# Breeding/rearing betta in a rice patty?



## ireland (Mar 1, 2011)

I was talking to one of my friend, whom is a betta enthuse as well, today and he tells me that they grow rice every summer. It was then that the idea came to us both. Could it be possible or even recommended to breed/grow betta out in the rice patty during summer?


----------



## Sena Hansler (Aug 24, 2011)

You technically could... but they would have to be plakats, or better yet the wild betta who can be together in groups without much of a problem. You couldn't have betta splendens, male and females in that kind of group. Also, it depends on the temperature... and if you have a place to keep them all when it gets cold (if it gets cold). It CAN be done, and plus depending where you are mosquitos would be lessened xD

I'd say, it is possible. But, groups of bettas probably only the wild types, or F1 bettas. you could try, if you really wanted to. Just as long as you are willing to put forth the effort and the money


----------



## JAB91 (Aug 30, 2011)

Which part if the world would you be attempting this?


----------



## Sena Hansler (Aug 24, 2011)

Looks to me like North Carolina? if that is where you are situated, and plan to that is


----------



## MrVampire181 (May 12, 2009)

Sena Hansler said:


> You technically could... but they would have to be plakats, or better yet the wild betta who can be together in groups without much of a problem. You couldn't have betta splendens, male and females in that kind of group. Also, it depends on the temperature... and if you have a place to keep them all when it gets cold (if it gets cold). It CAN be done, and plus depending where you are mosquitos would be lessened xD
> 
> I'd say, it is possible. But, groups of bettas probably only the wild types, or F1 bettas. you could try, if you really wanted to. Just as long as you are willing to put forth the effort and the money


 Um long finned bettas do fine outdoors...and males and females can be kept together in larger set ups (or smaller depending on relationship with other fish....once dominanace is established the fish are peaceful). And why can he keep plakats but not splendens? Thats a big contradiction.


----------



## fightergirl2710 (Jun 9, 2011)

I think she must have meant wild types that can live in pairs and such.. :/


----------



## MrVampire181 (May 12, 2009)

So can regular long finned splendens in the proper set up. I've had several males and even more females in one kiddy pool and I hardly had any issues. It's all about space and amount of hiding places. If there is room for each male to have a territory (within a few feet from each other) it's fine. Also this is more about growing the fish out...they're gonna live together for several week anyway and the more space the longer they remain peaceful (often well into adulthood).


----------



## ireland (Mar 1, 2011)

Hmm the idea is looking better and better.

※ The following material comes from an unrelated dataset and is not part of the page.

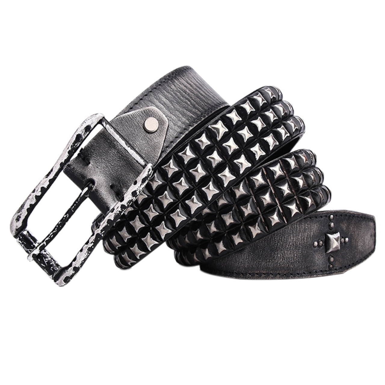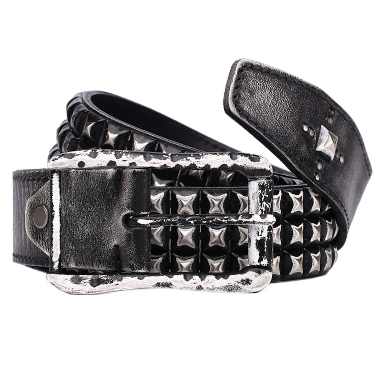 パンクリベット牛革ベルト贅沢装飾【韓流メンズスタイル】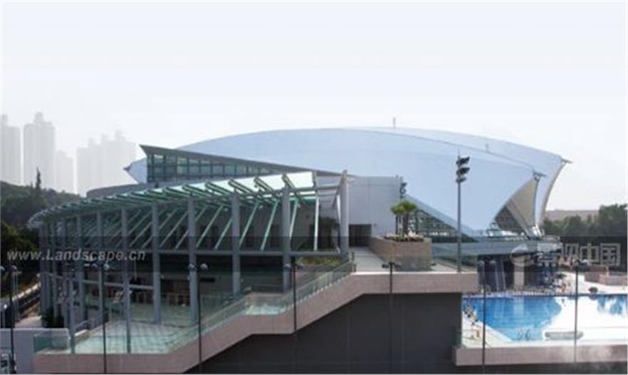 在泳池大廳外,人們可以在開放的區(qū)域之間排隊(duì)進(jìn)入。大廳被設(shè)計(jì)成一個(gè)半開放的空間,用毛玻璃天窗進(jìn)行蔭蔽,使得人們免受夏日強(qiáng)烈的熱量和陽(yáng)光的照射。 整體設(shè)計(jì)意圖為居民們創(chuàng)造出一種新鮮的空間體驗(yàn)和顯示出新城中的社區(qū)符號(hào)。

Yes I do plan to so this in North Carolina, but the project is postpone until warmer season. I've gone to my friends rice patty once. It was about an acre or two, the waters knee deep, and full mosquito.


----------



## cajunamy (Apr 28, 2011)

I'd personally rather do it in a more controlled environment like a tank or a huge 30 gal container.


----------



## ireland (Mar 1, 2011)

True, the only issue here is control. We would have no control whatsoever and not to mention a harvesting method efficient enough to gather all fry.


----------



## Sena Hansler (Aug 24, 2011)

ireland said:


> True, the only issue here is control. We would have no control whatsoever and not to mention a harvesting method efficient enough to gather all fry.


You should get an "easy setup" pool/pond, then you can control it, you have more space, plus then you could see if it works.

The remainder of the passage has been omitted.